After some tedious calculations (let’s think this through… 4000 pigs * 12 gallons of milk each * 4 quarts in a gallon * 2 pints in a quart * 2 cups in a pint * 8 ounces in a cup * every 100 years / 2 ounces of milk), it was determined that Bo spent 307200 millennia (more or less, if my math is correct) journeying to the top of Quav mountain. (Did I mention he’s immortal? For the sake of the story, we’ll say he is. And all other planeswalkers, too, for that matter.) Bo finally reached up his hand and felt the prickle-berry branches of the elder dragon’s roosting spot. Bo pulled his head up and saw only emptiness in the nest. He hoisted himself fully into the nest and contemplated the world around him and pondered the fate of the elder dragon. (I used a lot of parentheticals in this paragraph, so I decided to add another right here.) In the distance, he could barely make out the outline of a strange flying creature whirling about in the swift uninviting winds.

As the creature drew nearer, Bo realized it was no creature at all, but some mechanical assembly with rotating blades on top and a pair of evolved rabbit-cub people inside. The vehicle hovered over his head and a rope ladder dangled down into the nest, from which an evolved rabbit-cub person slid down and addressed Bo.

“What are you doing here?” it asked.
“I came seeking the elder dragon of Pooloom Quav. I believe he can help me answer the question I need to defeat three fearsome warriors that I must battle in another dimension.”
The rabbit-cub person gave a quizzical look and shrugged. “All the dragons died thousands of years ago. They kept eating my people, so we killed them. Goodbye.”

And then he left. And once again, Bo was left all alone searching for the answer needed for an uncertain victory. He sat down and wept and as he wept, his tears watered the dry deadish prickle-berry branches around his feet and a new magical prickle-berry bush sprouted forth from the elder dragon’s nest. A prickle-berry flower opened up and Bo gazed deeply at its reproductive organs, cause he was kind of pervy like that. Suddenly, he was hit square in the eye by a warm sticky ball of flower parts, which made him cry some more. It wasn’t until years later that he understood the meaning of his journey.

*****

Meanwhile, the three lonely warriors sat around the plane of battle, their eyes becoming like vortexes into which the eons of the world had passed. None spoke at this time. They had, in their millennia upon millennia of waiting, exhausted every possible conversation there was to be had. They had solved the riddles of the universe and understood the meanings of life and death and the existence of all the creatures that ever walked on the lands or swam in the seas or flew in the skies or traveled between the planets of the galaxies. Truly, they had lived a million lifetimes and there was nothing new to be said, no new thought to pop into their heads, no new idea that hadn’t been discussed and analyzed a hundred times before. Most of all, they knew their fate. And their fate was simply to exist and keep watch over this, the last bastion of civilization in all the vastness of space.
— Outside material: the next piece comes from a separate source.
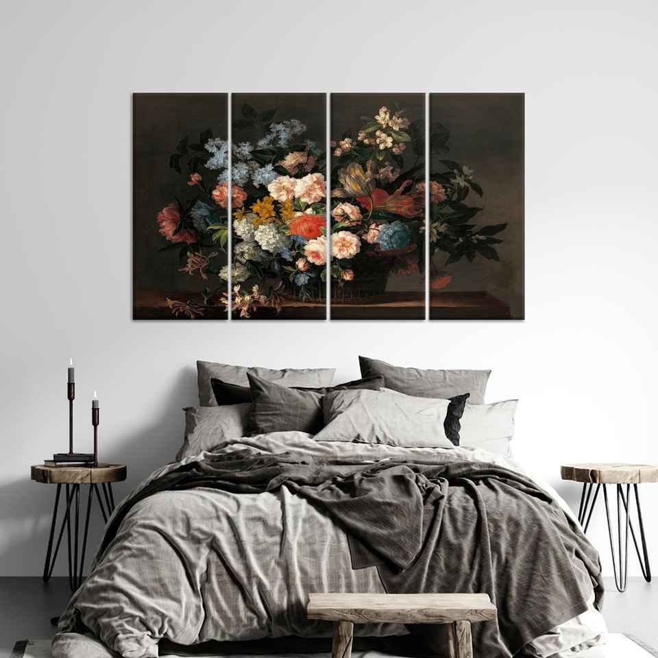 ภาพพิมพ์บนผ้าใบลายดอกไม้สมัยใหม่: งานศิลปะติดผนังลายดอกไม้ดีไซน์หรูหรา ชุดผ้าใบ 4 ชิ้น

Suddenly, there came a flash of light, and a figure appeared in the distance. The face was familiar yet impossible, something from a dream forgotten long ago. He had returned. It was… the Spider-man.

The Spider-man brought forth a Savannah to the landscape and from that new land hopped forth the incredible beast that he had journeyed far and wide to discover. It was a Spore Frog. The Spider-man sat back, immensely satisfied that the purpose of his travels had been fulfilled. He knew that this creature was his savior, his hero, his vanguard. It would not fail him in this, his time of need.

Then Oversoul exploded and everyone died.

The end.

Click here for Part 2!

Read More Articles by Eric Turgeon!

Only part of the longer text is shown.